The Cleveland Clinic could create 1,000 research and development jobs in Cleveland by late 2028, through the establishment of a new global center for pathogen research and human health.

On Monday, Jan. 25, the Ohio Tax Credit Authority approved a 15-year job creation tax credit for the Cleveland Clinic Foundation — an unusual move because the board typically focuses on corporate expansions, not deals involving nonprofits or institutions.

The 2.58% credit, tied to new payroll, will support “non-clinical” jobs paying an average of $100,000 a year, Matt Deptola, a senior project manager with statewide economic development corporation JobsOhio, told the board. The project also will involve an anticipated $300 million investment in building construction and equipment, he said during the public meeting.

The tax credit is worth an estimated $35 million, though the ultimate value will depend on the number of jobs and the amount of payroll the Clinic creates, a spokeswoman for the Ohio Development Services Agency wrote in an email. A follow-up news release from the state mentioned the pathogen research center but did not offer any specifics about the project.

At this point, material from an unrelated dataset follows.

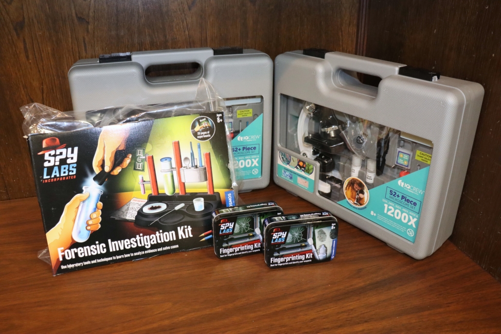 This tool box includes fingerprint kits, forensic investigation kits, and microscopes.
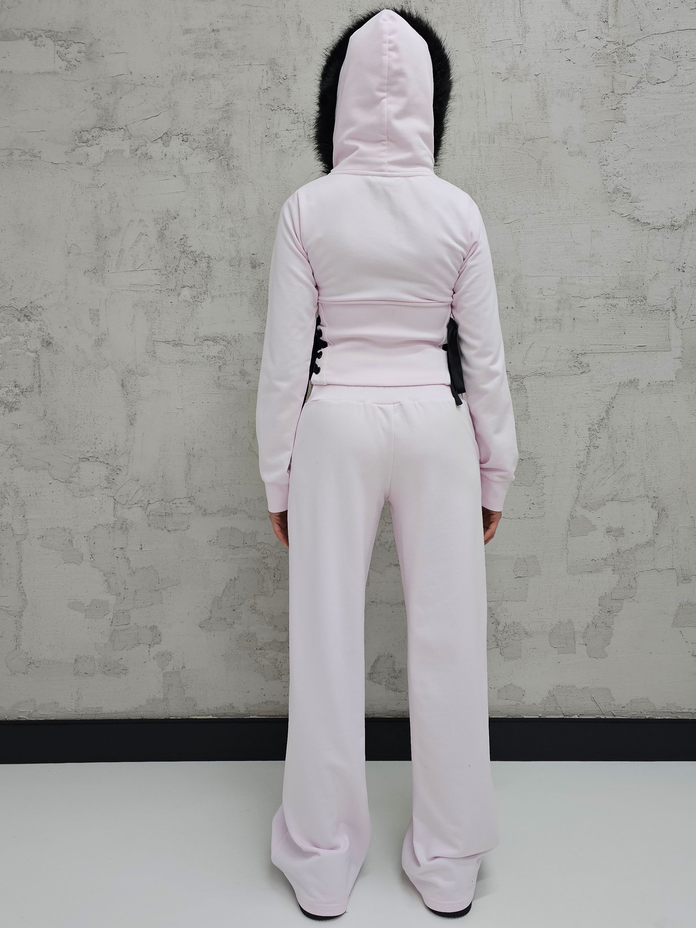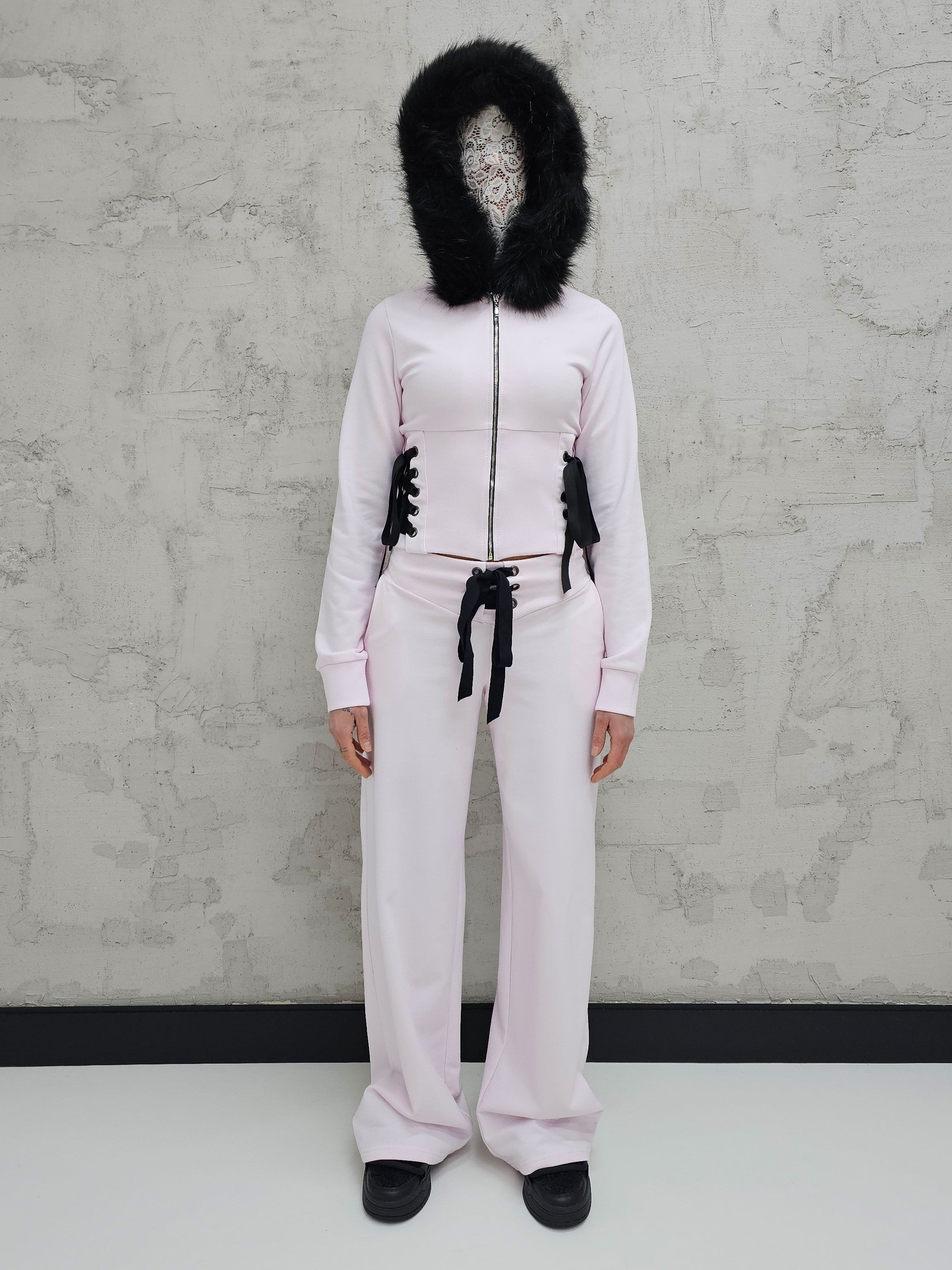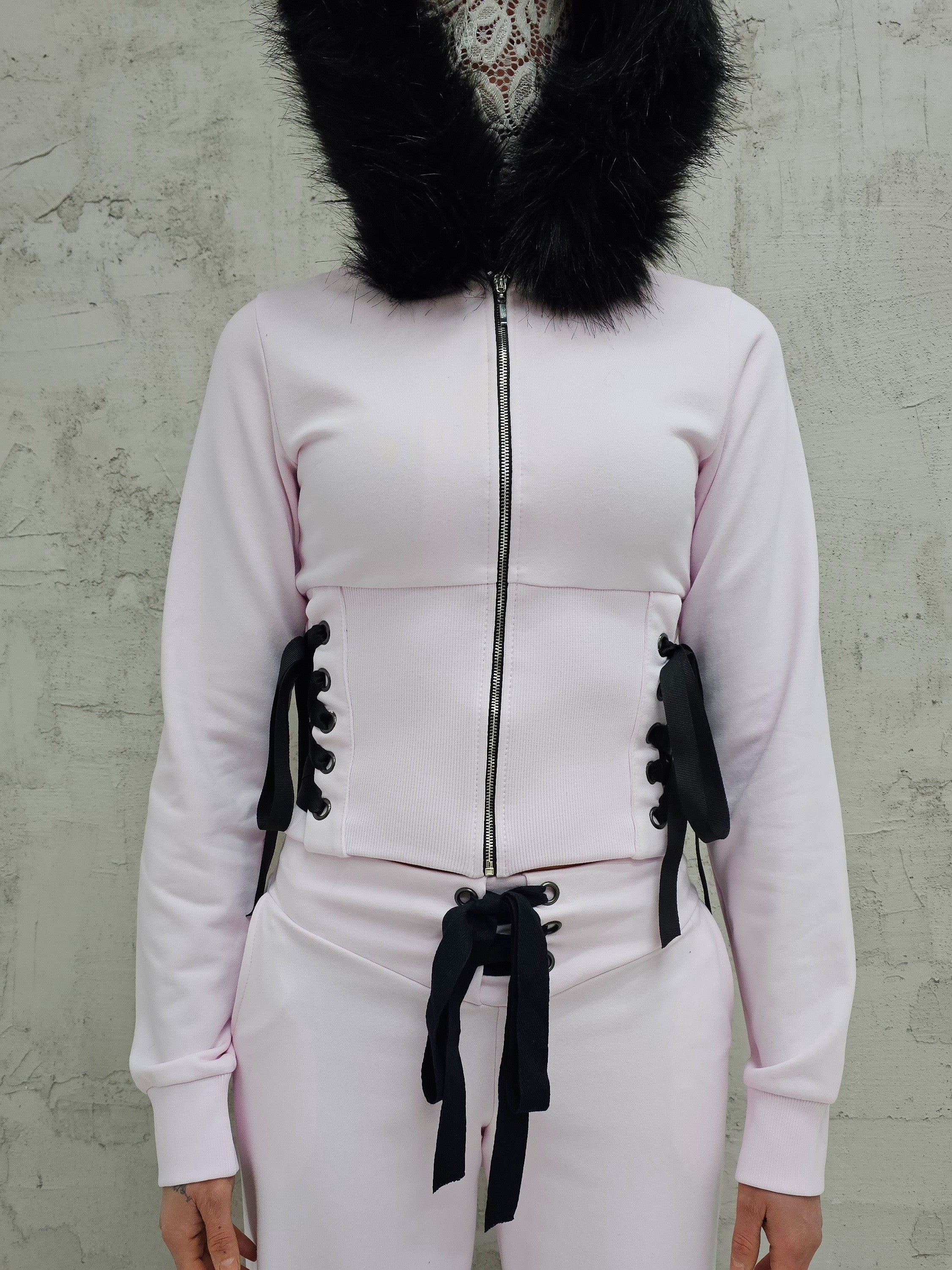 - OPIS PRODUKTU- Unikalny set dresowy T4SHA z dropu Lolita. Set obejmuje dopasowaną bluzę z futrem w kapturze i wiązaniem na bokach. Bluza o fasonie cropped. Spodnie biodrówki z wiązaniem z przodu. Z tyłu w spodniach guma, która pozwala dopasować się do obwodu.

The authority’s vote came as state officials were preparing to announce the creation of the Cleveland Innovation District. A media advisory from Gov. Mike DeWine’s office described the announcement as “a unique partnership and investment to drive innovation and job creation in Ohio.”

The advisory was short on details but included a long list of participants in a virtual event, set for 2 p.m. Monday. DeWine and Lt. Gov. Jon Husted will be joined by the heads of JobsOhio and the Ohio Development Services Agency; the CEOs of the Clinic, University Hospitals and the MetroHealth System; the leaders of Case Western Reserve University and Cleveland State University; Cleveland Mayor Frank Jackson; and a trio of state legislators.

A Clinic spokeswoman deferred any comment on the state tax credit award until Monday afternoon.

Last year, JobsOhio and the state unveiled the Cincinnati Innovation District, which they described as a “blueprint” for the state. That partnership, focused on talent growth and business attraction, involves the University of Cincinnati and Cincinnati Children’s Hospital Medical Center.

JobsOhio committed to investing up to $100 million in the Cincinnati project, pairing that money with investments by the anchor institutions. The partners aim to spur the creation of 20,000 jobs and $3 billion in annual economic impact, including $2 billion worth of research and real estate development over a decade.

In a March 2020 announcement, the Cincinnati partners said they expected the district to attract substantial investment in mixed-use buildings, housing offices, labs, retail, housing and nightlife.

An earlier version of this story incorrectly stated that the state job creation tax credit for the Cleveland Clinic carries a five-year term. The credit will run for 15 years.